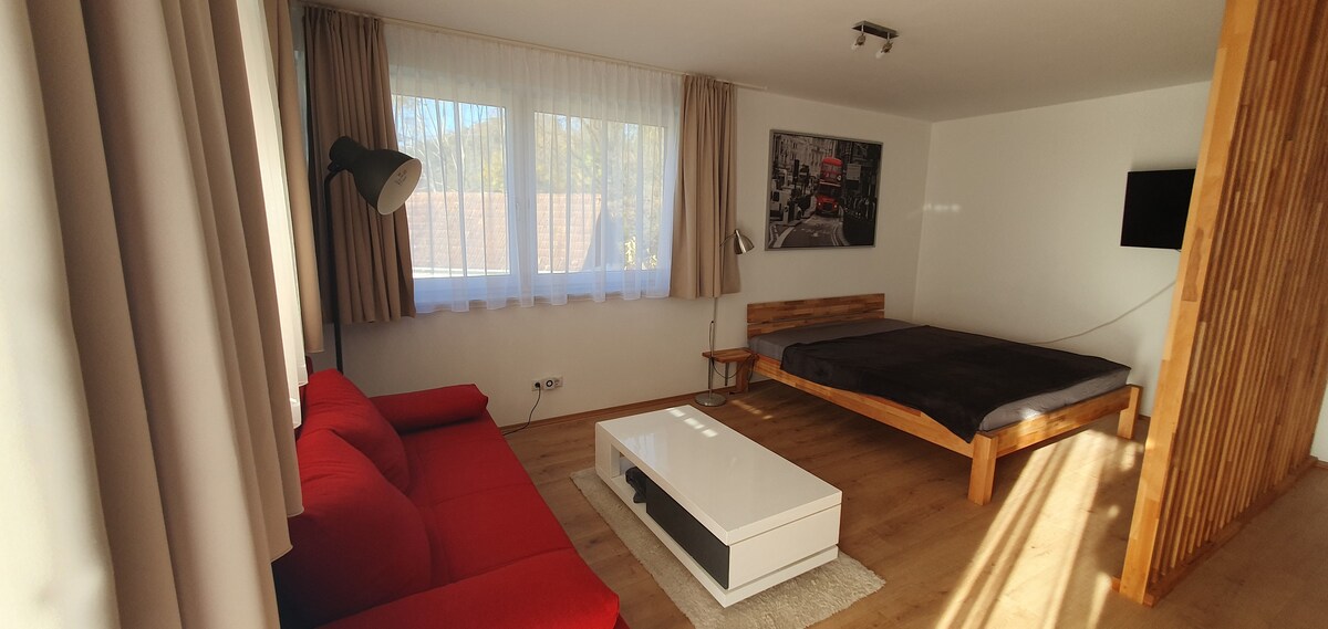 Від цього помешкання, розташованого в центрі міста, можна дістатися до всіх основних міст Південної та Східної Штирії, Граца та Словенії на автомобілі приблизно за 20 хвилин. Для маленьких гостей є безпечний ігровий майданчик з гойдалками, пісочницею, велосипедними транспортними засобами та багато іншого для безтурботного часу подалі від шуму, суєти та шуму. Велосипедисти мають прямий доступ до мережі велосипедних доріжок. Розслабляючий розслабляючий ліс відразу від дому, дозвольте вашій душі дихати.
* * *
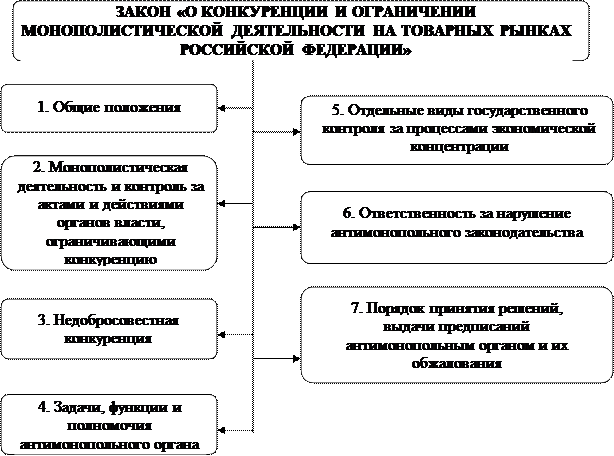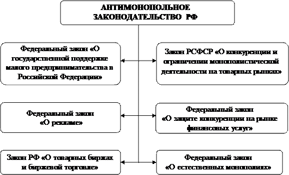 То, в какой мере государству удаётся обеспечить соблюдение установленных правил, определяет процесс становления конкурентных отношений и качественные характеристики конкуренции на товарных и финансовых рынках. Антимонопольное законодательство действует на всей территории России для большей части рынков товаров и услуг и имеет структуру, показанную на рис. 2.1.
--
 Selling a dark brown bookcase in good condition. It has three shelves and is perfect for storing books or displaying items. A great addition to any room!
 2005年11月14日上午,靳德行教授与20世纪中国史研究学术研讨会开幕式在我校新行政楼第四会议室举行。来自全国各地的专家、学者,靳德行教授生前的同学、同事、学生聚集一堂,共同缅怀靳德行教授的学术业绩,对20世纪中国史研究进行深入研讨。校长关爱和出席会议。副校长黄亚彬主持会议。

Work instructions ▸
Take exactly the lines from the one containing "Selling a dark" through the one containing "2005年11月14日上午,靳德行教授与" in the data above, and output them with nothing added.

Response below ▸
 Selling a dark brown bookcase in good condition. It has three shelves and is perfect for storing books or displaying items. A great addition to any room!
 2005年11月14日上午,靳德行教授与20世纪中国史研究学术研讨会开幕式在我校新行政楼第四会议室举行。来自全国各地的专家、学者,靳德行教授生前的同学、同事、学生聚集一堂,共同缅怀靳德行教授的学术业绩,对20世纪中国史研究进行深入研讨。校长关爱和出席会议。副校长黄亚彬主持会议。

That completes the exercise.